▸ Assignment: From start to end, write out the following data exactly, apart from its images.

Start of Data to examine

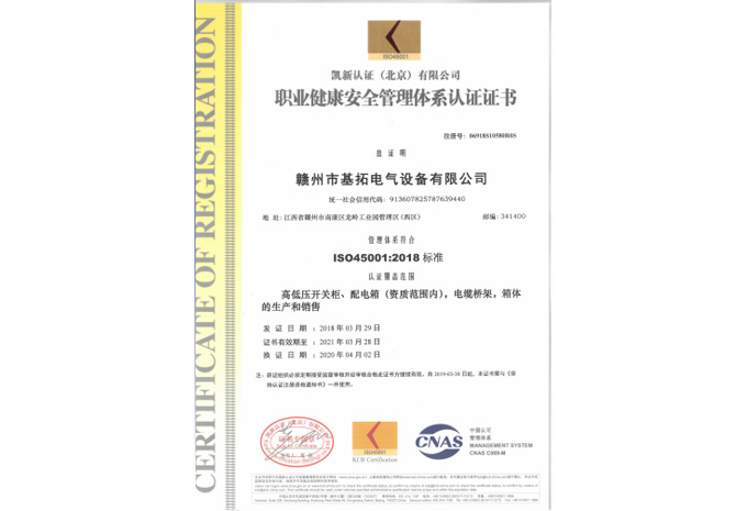 職業(yè)健康安全管理體系認(rèn)證證書(shū)
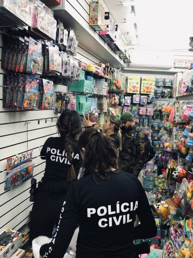 Cinco estabelecimentos comerciais de Porto Alegre foram vistoriados, resultando na apreensão de 680 kg de mercadorias falsificadas e na prisão de cinco pessoas pelos crimes de contrabando e contra as relações de consumo. De acordo com a corporação, a principal irregularidade encontrada foi a comercialização de brinquedos sem as especificações técnicas exigidas por órgãos reguladores.
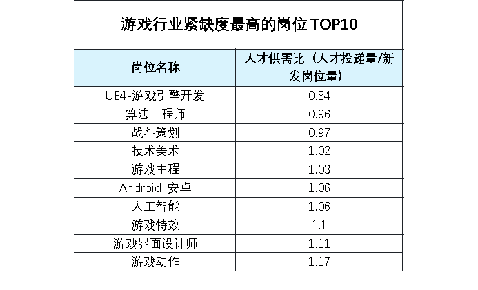 脉脉高聘人才智库数据显示,2024年1-7月,腾讯、网易、米哈游、莉莉丝、盛大网络等头部游戏公司均在脉脉招聘人才,其中盛大网络新发岗位平均月薪最高,为79583元。在新发岗位中,人才最紧缺的前三分别是:UE4-游戏引擎开发,人才供需比仅为0.84,其次为算法工程师和战斗策划,这三个岗位的人才供需比均小于1,人才供不应求。
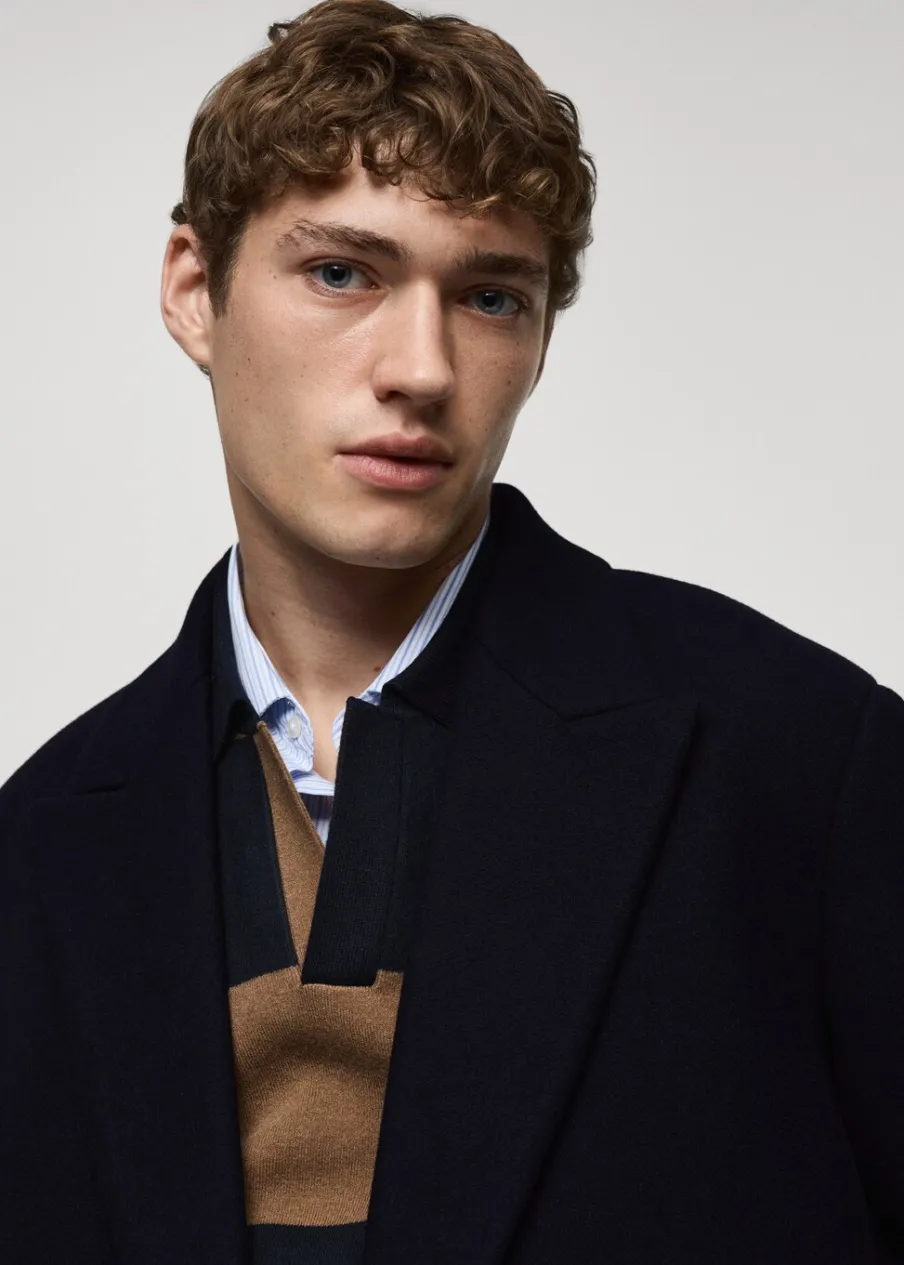 Relaxed fit. Tkanina mieszanka wełny. Model długi. Dwurzędowe zapięcie. Wewnętrzna podszewka. Zapinane mankiety. Klapy otwarte. Model ma 185 cm wzrostu i nosi rozmiar M.
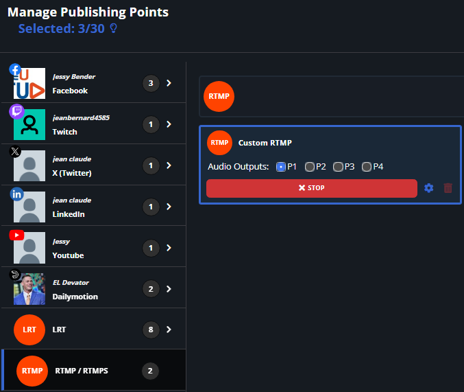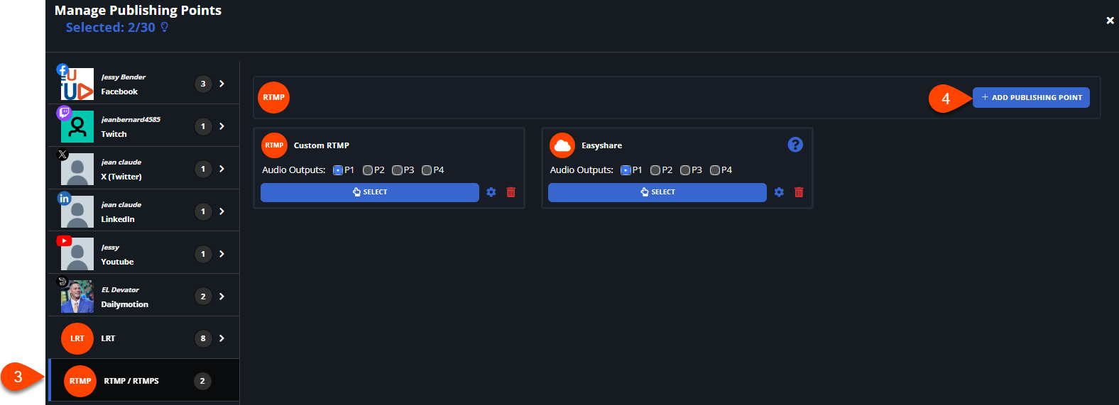 - In the RTMP/RTMPS tab -> Add a publishing point -> select Custom RTMP/RTMPS
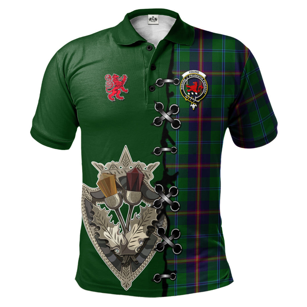 Young Tartan Polo Shirt - Lion Rampant And Celtic Thistle Style
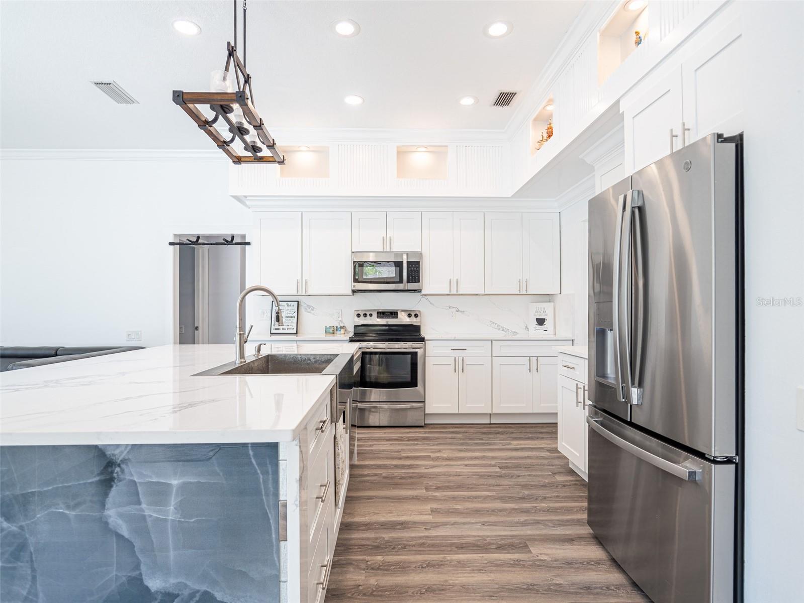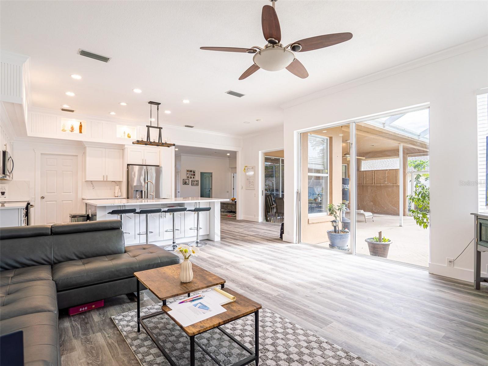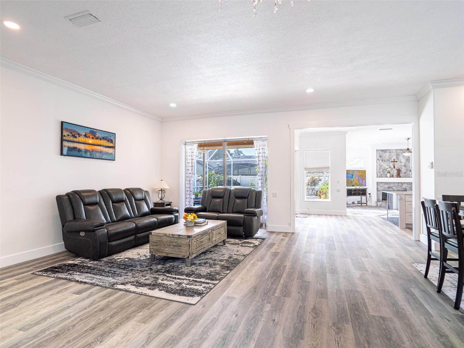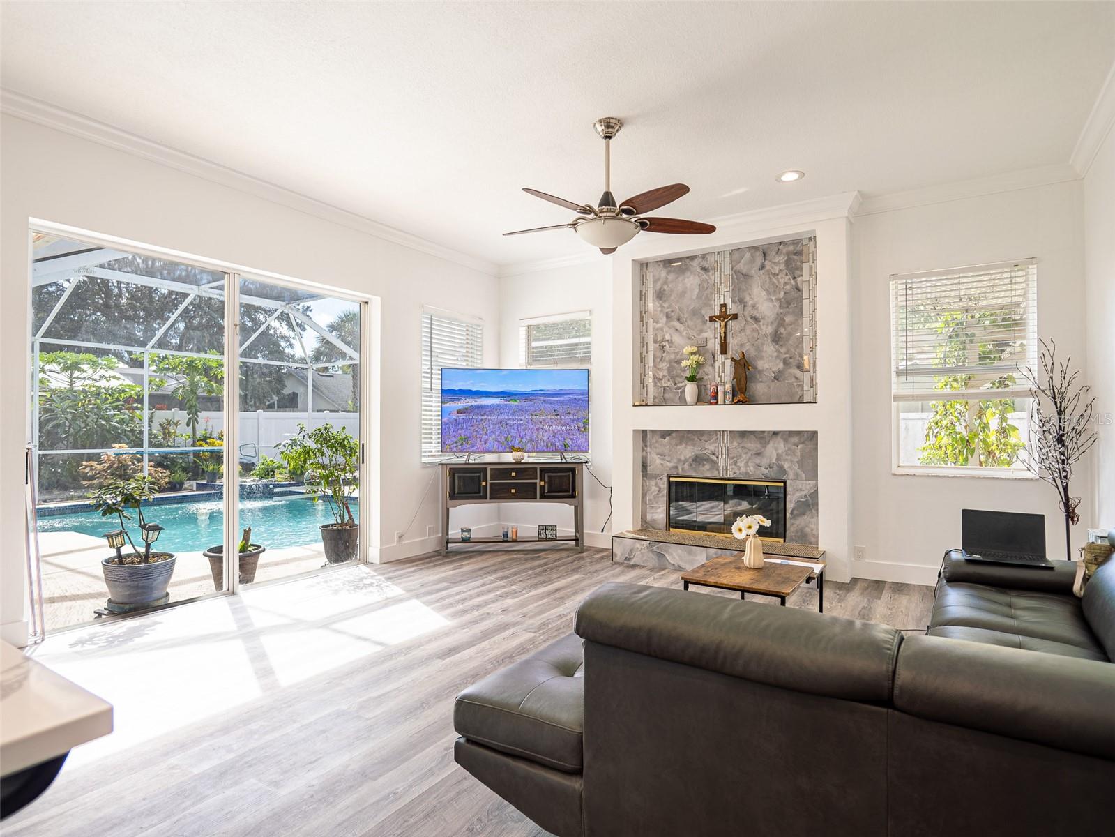 Location, location, location! Welcome to this fully updated modern 4-bedroom, 3-bath one-story home tucked away on a quiet cul-de-sac in the highly sought-after Remington Park subdivision of Oviedo. Built by renowned Arthur Rutenberg, this elegant brick-front concrete residence offers timeless design, soaring 10-foot ceilings (in all rooms except two bedrooms), Palladian windows, and an open, airy feel throughout. The entire home has been tastefully updated from top to bottom, including the kitchen, bathrooms, flooring, and finishes, creating a truly move-in-ready modern living experience. Spacious living areas feature glass doors that lead to a covered terrace and a sparkling in-ground gunite pool—perfect for entertaining or relaxing Florida-style. The family room with fireplace adjoins a bright breakfast area and a command-style granite kitchen. The kitchen and all bathrooms feature granite countertops, upgraded approximately five years ago. Major improvements include a new 3-D hip roof (2019), central A/C (approx. 8 years), full PEX plumbing throughout (approx. 8 years), and a pool filter (approx. 6 years), offering peace of mind for years to come. The expansive backyard is a private tropical retreat with pavered stone surfaces (no grass to cut), shaded pergolas, and an impressive collection of mature fruit trees and plants including citrus, avocado, jackfruit, papaya, tamarind, moringa, and more. Ideally located close to top-rated Oviedo schools, shopping, restaurants, and everyday conveniences. Oviedo is widely known for its outstanding school system and family-friendly community. Seller is the listing agent’s brother.
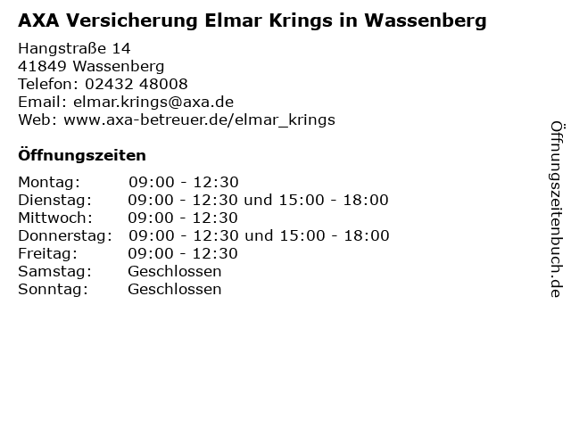 | 2 AXA Versicherung - Hauptvertretung Helmut Pollmanns (Entfernung: 1,69 km) Pappelweg 55b, 41849 Wassenberg 6 AXA Versicherung - Generalvertretung Eckhardt Erkens (Entfernung: 11,76 km) Kölner Straße 42, 41812 Erkelenz |
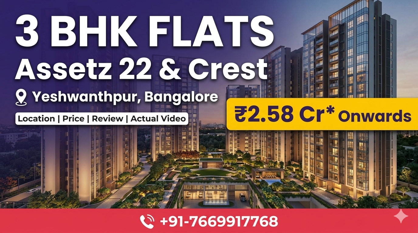 ☎️+91-7669917768 | Assetz 22 & Crest | 3 BHK Flats In Yeshwanthpur Bangalore | ₹2.58 cr onwards* | Location | Price | Review | Actual Video
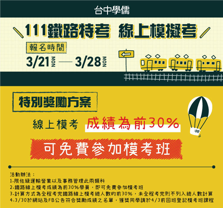 本次模擬考針對 國文/公民/英文/企業管理/鐵路法大意/鐵路運輸學/法學大意/基本電學/電子學大意/機械原理/機械製造學大意/電工機械大意 等12科,安排模擬考解析課程,課程時間待台中學儒另行公告。
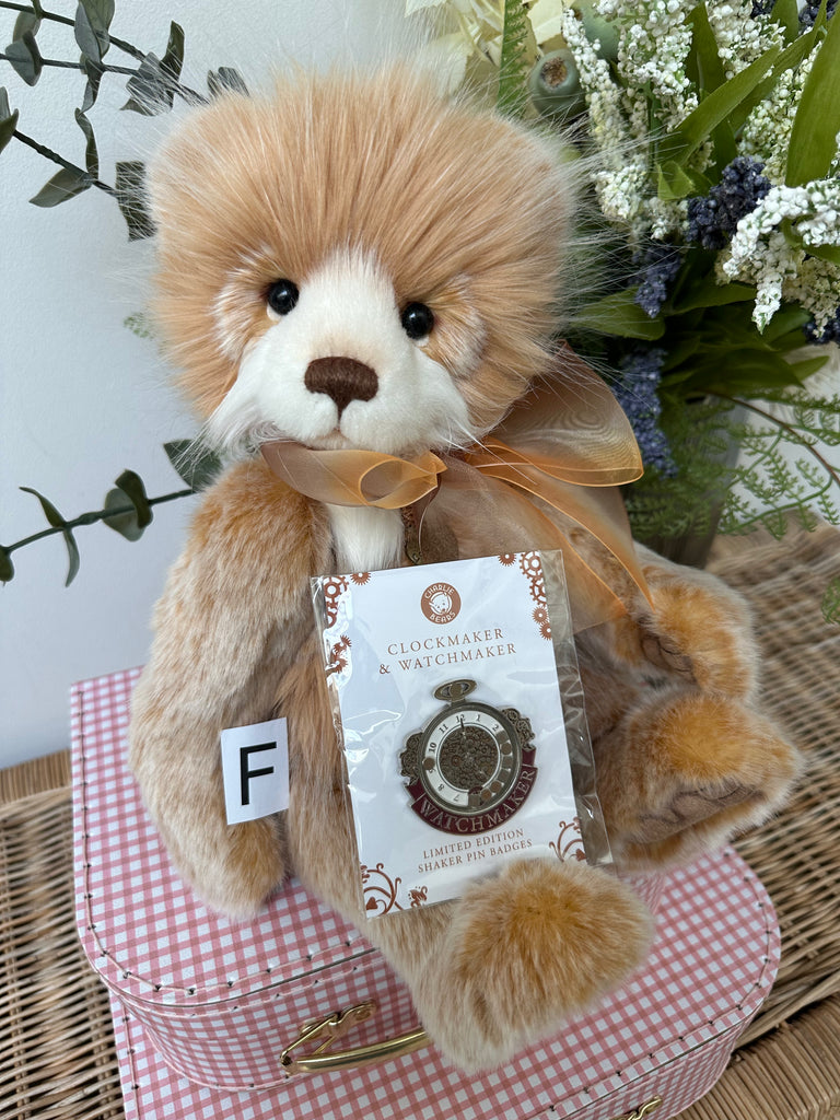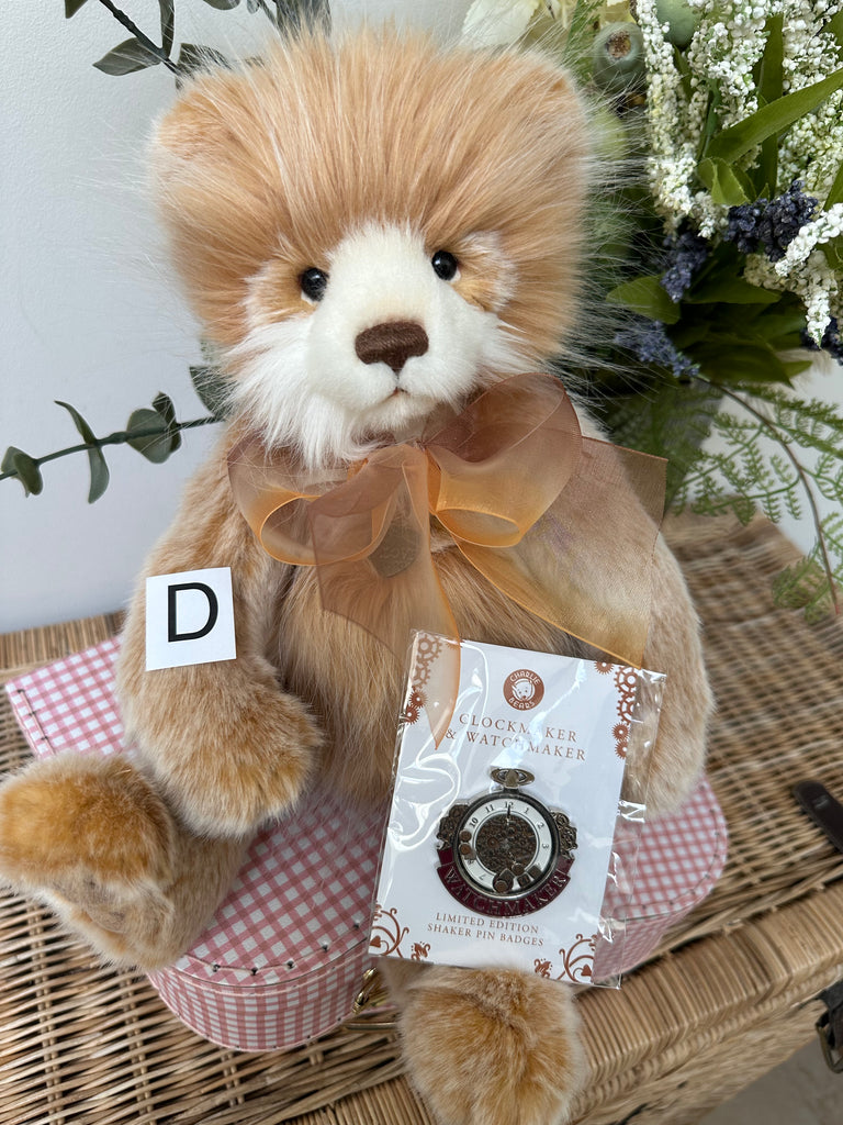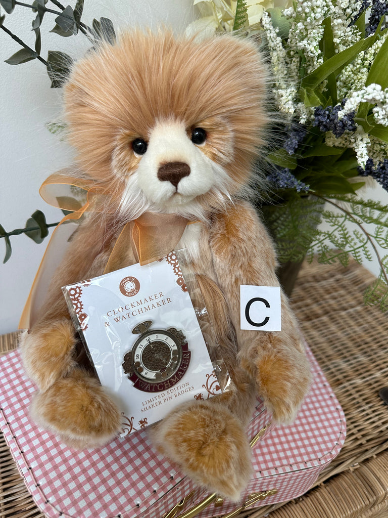 Watchmaker fully jointed Plush Teddy Bear with an exclusive matching Limited Edition Shaker Pin Badge included with each Watchmaker Bear purchase !!!
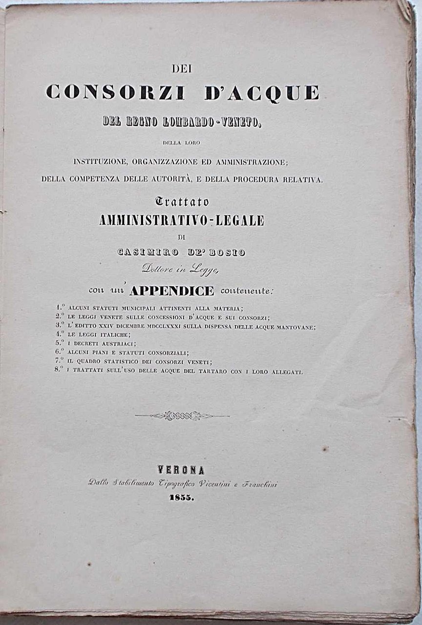 Dei Consorzi d'Acque del Regno Lombardo-Veneto della loro istituzione, organizzazione ed ammnistrazione…

End of Data to examine

▸ Response:
 職業(yè)健康安全管理體系認(rèn)證證書(shū)
 Cinco estabelecimentos comerciais de Porto Alegre foram vistoriados, resultando na apreensão de 680 kg de mercadorias falsificadas e na prisão de cinco pessoas pelos crimes de contrabando e contra as relações de consumo. De acordo com a corporação, a principal irregularidade encontrada foi a comercialização de brinquedos sem as especificações técnicas exigidas por órgãos reguladores.
 脉脉高聘人才智库数据显示,2024年1-7月,腾讯、网易、米哈游、莉莉丝、盛大网络等头部游戏公司均在脉脉招聘人才,其中盛大网络新发岗位平均月薪最高,为79583元。在新发岗位中,人才最紧缺的前三分别是:UE4-游戏引擎开发,人才供需比仅为0.84,其次为算法工程师和战斗策划,这三个岗位的人才供需比均小于1,人才供不应求。
 Relaxed fit. Tkanina mieszanka wełny. Model długi. Dwurzędowe zapięcie. Wewnętrzna podszewka. Zapinane mankiety. Klapy otwarte. Model ma 185 cm wzrostu i nosi rozmiar M.
 - In the RTMP/RTMPS tab -> Add a publishing point -> select Custom RTMP/RTMPS
 Young Tartan Polo Shirt - Lion Rampant And Celtic Thistle Style
 Location, location, location! Welcome to this fully updated modern 4-bedroom, 3-bath one-story home tucked away on a quiet cul-de-sac in the highly sought-after Remington Park subdivision of Oviedo. Built by renowned Arthur Rutenberg, this elegant brick-front concrete residence offers timeless design, soaring 10-foot ceilings (in all rooms except two bedrooms), Palladian windows, and an open, airy feel throughout. The entire home has been tastefully updated from top to bottom, including the kitchen, bathrooms, flooring, and finishes, creating a truly move-in-ready modern living experience. Spacious living areas feature glass doors that lead to a covered terrace and a sparkling in-ground gunite pool—perfect for entertaining or relaxing Florida-style. The family room with fireplace adjoins a bright breakfast area and a command-style granite kitchen. The kitchen and all bathrooms feature granite countertops, upgraded approximately five years ago. Major improvements include a new 3-D hip roof (2019), central A/C (approx. 8 years), full PEX plumbing throughout (approx. 8 years), and a pool filter (approx. 6 years), offering peace of mind for years to come. The expansive backyard is a private tropical retreat with pavered stone surfaces (no grass to cut), shaded pergolas, and an impressive collection of mature fruit trees and plants including citrus, avocado, jackfruit, papaya, tamarind, moringa, and more. Ideally located close to top-rated Oviedo schools, shopping, restaurants, and everyday conveniences. Oviedo is widely known for its outstanding school system and family-friendly community. Seller is the listing agent’s brother.
 | 2 AXA Versicherung - Hauptvertretung Helmut Pollmanns (Entfernung: 1,69 km) Pappelweg 55b, 41849 Wassenberg 6 AXA Versicherung - Generalvertretung Eckhardt Erkens (Entfernung: 11,76 km) Kölner Straße 42, 41812 Erkelenz |
 ☎️+91-7669917768 | Assetz 22 & Crest | 3 BHK Flats In Yeshwanthpur Bangalore | ₹2.58 cr onwards* | Location | Price | Review | Actual Video
 本次模擬考針對 國文/公民/英文/企業管理/鐵路法大意/鐵路運輸學/法學大意/基本電學/電子學大意/機械原理/機械製造學大意/電工機械大意 等12科,安排模擬考解析課程,課程時間待台中學儒另行公告。
 Watchmaker fully jointed Plush Teddy Bear with an exclusive matching Limited Edition Shaker Pin Badge included with each Watchmaker Bear purchase !!!
 Dei Consorzi d'Acque del Regno Lombardo-Veneto della loro istituzione, organizzazione ed ammnistrazione…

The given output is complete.